Jodie Marie Warlow (born 12 June 1991) is a Welsh singer-songwriter better known by her stage name, Jodie Marie. She was signed to Decca Records in 2010. Jodie Marie's 2012 debut album Mountain Echo has been described by The Guardian as 'velvety and bittersweet' and The Independent as 'having a light-blues and jazz-folk-edge recalling late-1960s singer-songwriters such as Carole King.

==Career beginnings==
When she was 16, Jodie Marie was spotted by the father of a music industry manager from Transgressive Records, an independent record label based in London, who was visiting Pembrokeshire on holiday.
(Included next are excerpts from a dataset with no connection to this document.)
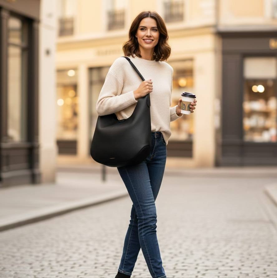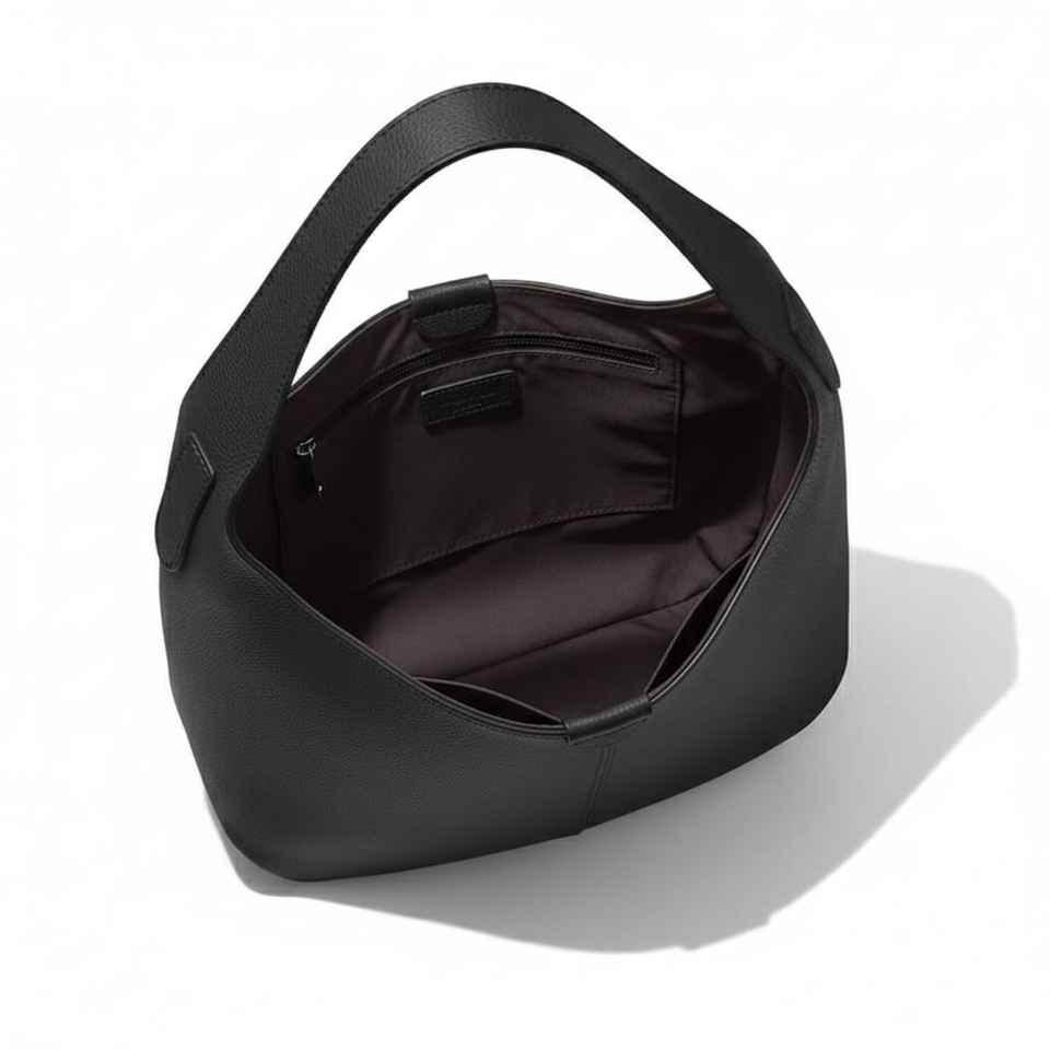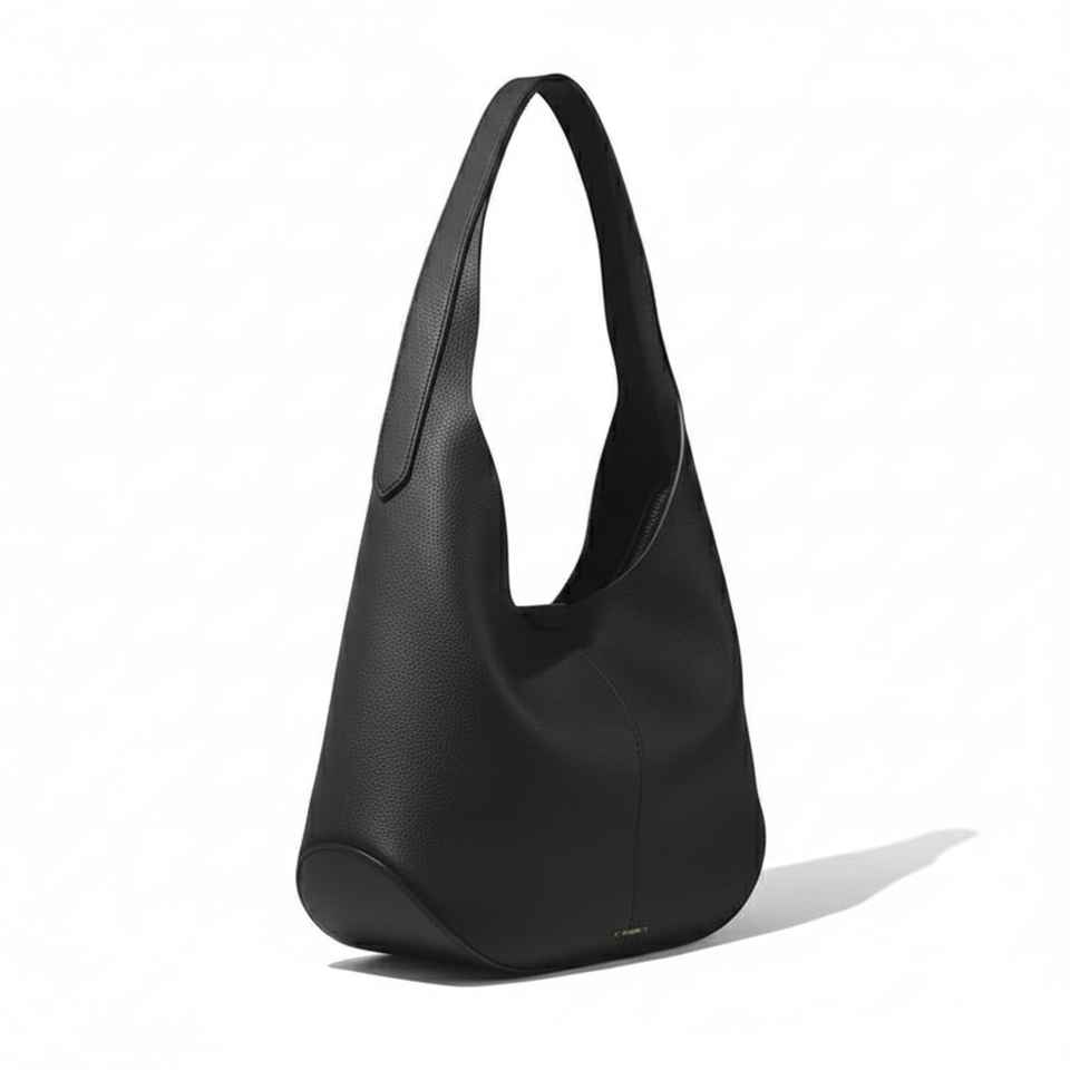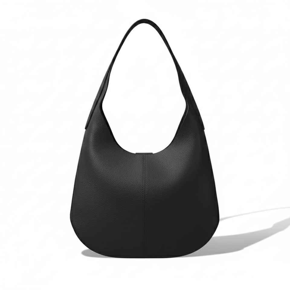 Women's Black Genuine Leather Fashion Candy Zip Single Strap Hobo Bag Large Slouchy Shoulder Tote Purse Minimalist Soft for Work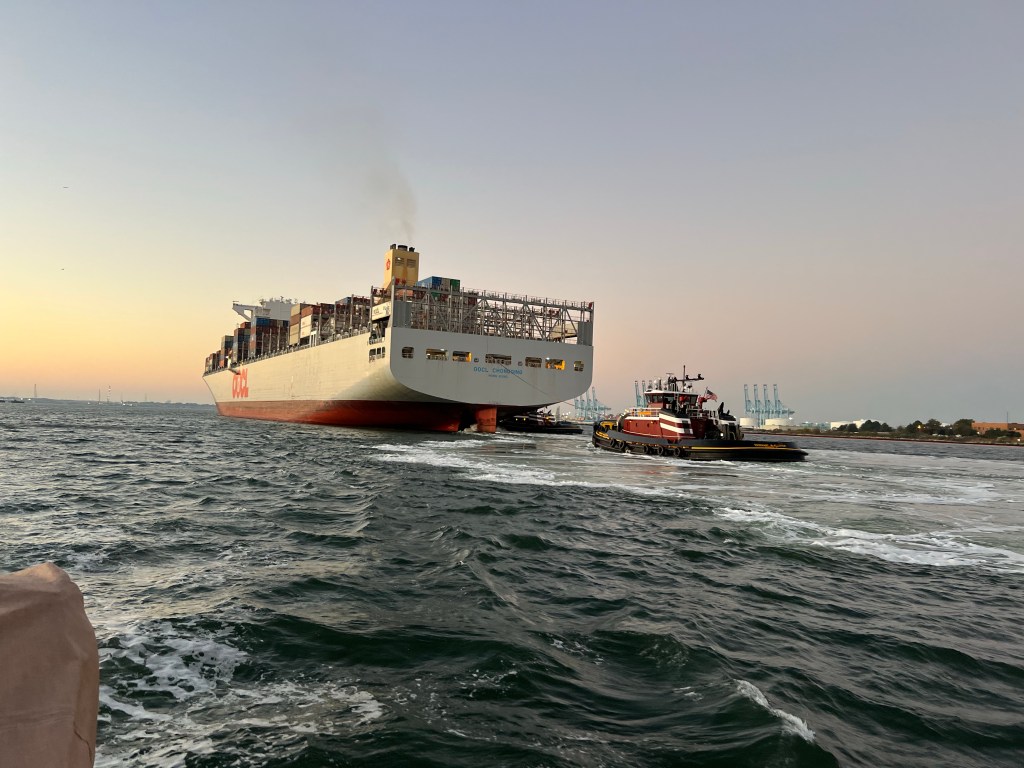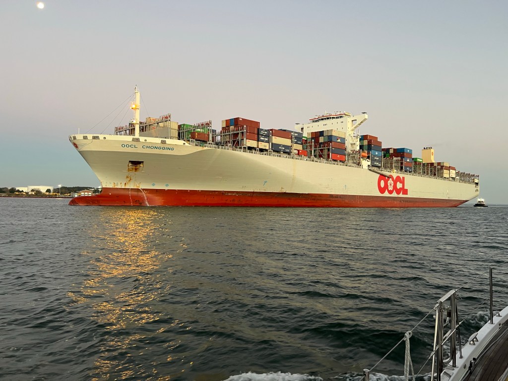 We were all impressed by the large ships and how the tugs maneuver them. This one pictured really had us in awe as it nicely invited us to stay out of its way and asked us to navigate outside the channel.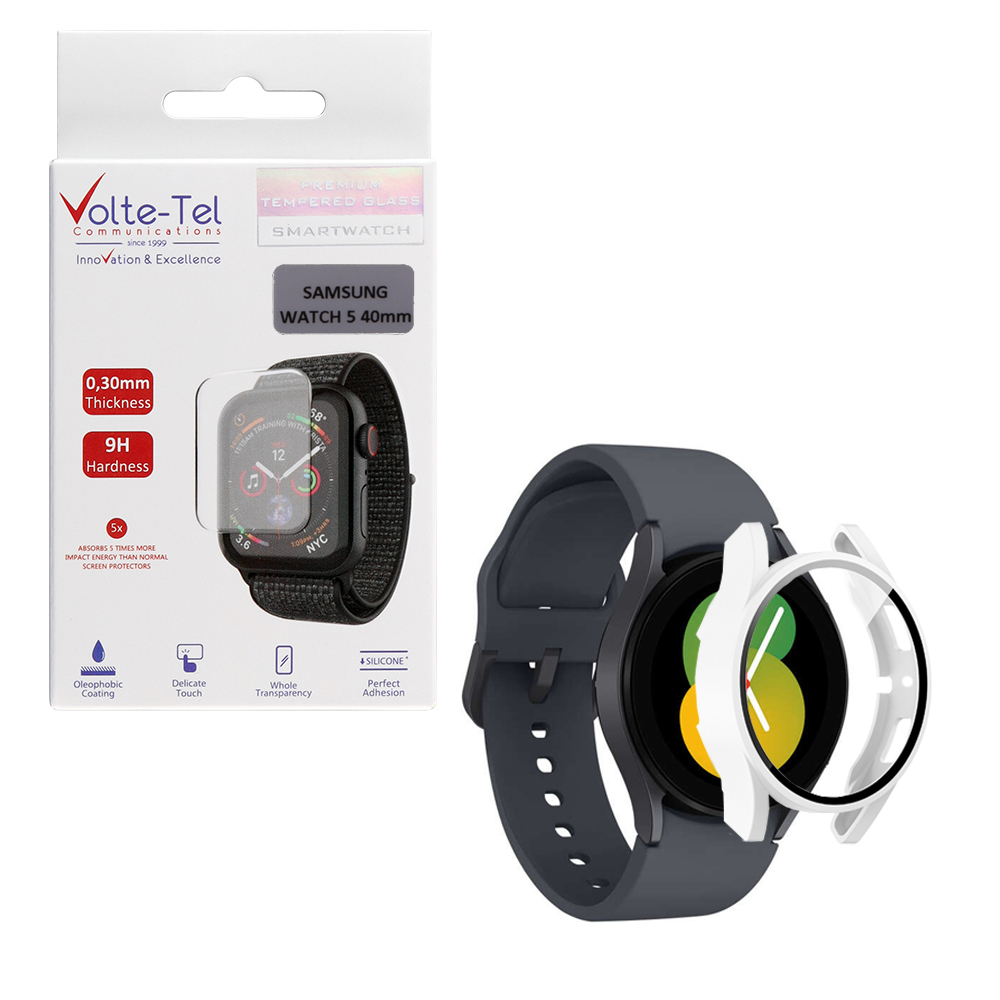 TEMPERED GLASS SAMSUNG WATCH 5 40mm 1.2" 9H 0.30mm PC EDGE COVER WITH KEY 3D FULL GLUE FULL COVER WHITE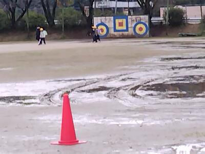 しかし、昨日の夜、今朝の雨ですっかり運動場は、

Shortly after, Jodie found herself with a manager and began writing songs with former Suede guitarist Bernard Butler and singer songwriter Ed Harcourt.

==Personal life==
Born in Narberth, Pembrokeshire, Jodie Marie grew up listening to singers such as Bonnie Raitt, B. B. King, Eric Clapton, Janis Joplin and Jimi Hendrix and says her parents, John and Denise Warlow, have been a huge influence, as well as support from her friends and family, including her elder sister Nikki. Jodie Marie started performing at local gigs at the age of seven. She began writing her own material when she was in her early teens.

==Discography==

===Albums===

| Title | Details |
|---|---|
| Mountain Echo | Released: 5 March 2012; Label: Verve; Format: CD, digital download; |
| Trouble in Mind | Released: 25 July 2015; Label: StudiOwz; Format: CD, digital download; |
| The Answer | Released: 12 February 2021; Label: Carmel Records; Format: CD, vinyl, digital download; |

Jodie Marie's track I Got You appears on the compilation double album You Raise Me Up 2012 released on the Decca label on 5 March 2012.

===Singles===
- Single Blank Canvas was Jodie Marie's debut single released on 4 July 2011.
- On the Road was released on 7 October 2011, and as a 7″ vinyl single on 14 November 2011, on the re-launched Verve label and included the track Single Blank Canvas. The Single made the BBC Radio 2 playlist for November 2011.
- Remember Me released on Monday 29 October 2012
- The Night Before Christmas was released as a download in English and Welsh versions on 10 December 2012.
- "Only One I'm Thinking Of" was released as a download on 25 July 2015.
- "Carageen" was released as a download on 18 September 2020.
- "(I Don’t Wanna Be) Alone This Christmas" was released as a download on 30 November 2020.
- "This House" was released as a download on 5 February 2021.
- "Ain’t No Doubt About It" was released as a download on 12 February 2021.

==Touring and Concerts==
Jodie Marie supported British singer-songwriter and actor Will Young on his 2011 UK tour.

Singer Jonathan Jeremiah was supported by Jodie Marie on 17 October 2011 on his European tour, which included concerts in the Netherlands, Germany, Belgium, Luxembourg and Switzerland.

On 4 November 2011 Jodie Marie supported BRIT Award winning British singer and songwriter Nerina Pallot in concert in Manchester.

On Tuesday 7 August 2012, Jodie Marie featured at the BT London Live festival in Hyde Park, part of the London 2012 Olympics celebrations.

Jodie Marie performed at the Cambridge Lodestar Festival in September 2012.

==TV appearances and radio broadcasts==
On Monday 6 June 2011, Jodie Marie appeared on the BBC Radio 1 programme BBC Introducing with Jen Long in session and played Dandelion Wishes and Single Blank Canvas.

Jodie Marie appeared on BBC Breakfast Television News on 13 January 2012 and sang a live acoustic version of the Joan Baez song Silver Dagger.

On 15 March 2012, Jodie Marie appeared on Channel 4 Television's 4Play programme which provides in-depth profiles and exclusive performances from top music acts.

On 26 February 2012, Jodie Marie was interviewed on BBC Radio 2 by Sir Terry Wogan for his Weekend Wogan Radio show.

An hour-long S4C television documentary on 8 May 2012 followed Jodie during the release of her debut album – Mountain Echo.